Dziś "Gazeta Wyborcza" opisała część zeznań złożonych przez ekspertów zespołu badającego przyczyny katastrofy smoleńskiej. Rzecznik Prokuratury Wojskowej. Marcin Maksjan ujawnił m.in, że eksperci Antoniego Macierewicza nie przedstawili w prokuraturze dowodów na wybuch w tupolewie. Wojskowa Prokuratura poinformowała, że - według ekspertów - dowodem na ich kompetencje miało być to, iż "sklejali modele samolotów czy obserwują skrzydła samolotu podczas lotu".

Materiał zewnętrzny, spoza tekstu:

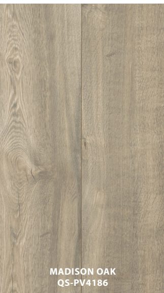
MADISON OAK QS-PV4186

Szef zespołu smoleńskiego Antoni Macierewicz uważa, że doszło ujawnienia tajnych informacji. Zdaniem polityka, w historii niepodległej Polski nie było sytuacji, w której prokuratura dla celów politycznych "wprost i bezczelnie" ujawniła fragmenty śledztwa.
Macierewicz wyraził nadzieję, że Andrzej Seremet zainterweniuje w tej sprawie i obecna prokuratura będzie pierwszą i ostatnią która tak działa.
Antoni Macierewicz zapewnia, że nie zamierza rezygnować ze współpracy ze swoimi ekspertami i liczy że najpóźniej w październiku spotka się nimi na konferencji "Smoleńsk 2010"
Antoni Macierewicz zwrócił się do prokuratora generalnego Andrzeja Seremeta o ukaranie rzecznika Prokuratury Wojskowej oraz prokuratorów Okręgowej Prokuratury Wojskowej w Warszawie prowadzących śledztwo w sprawie katastrofy smoleńskiej. Macierewicz wnosi też, by on i eksperci wskazani w publikacji "Gazety" otrzymali status pokrzywdzonego.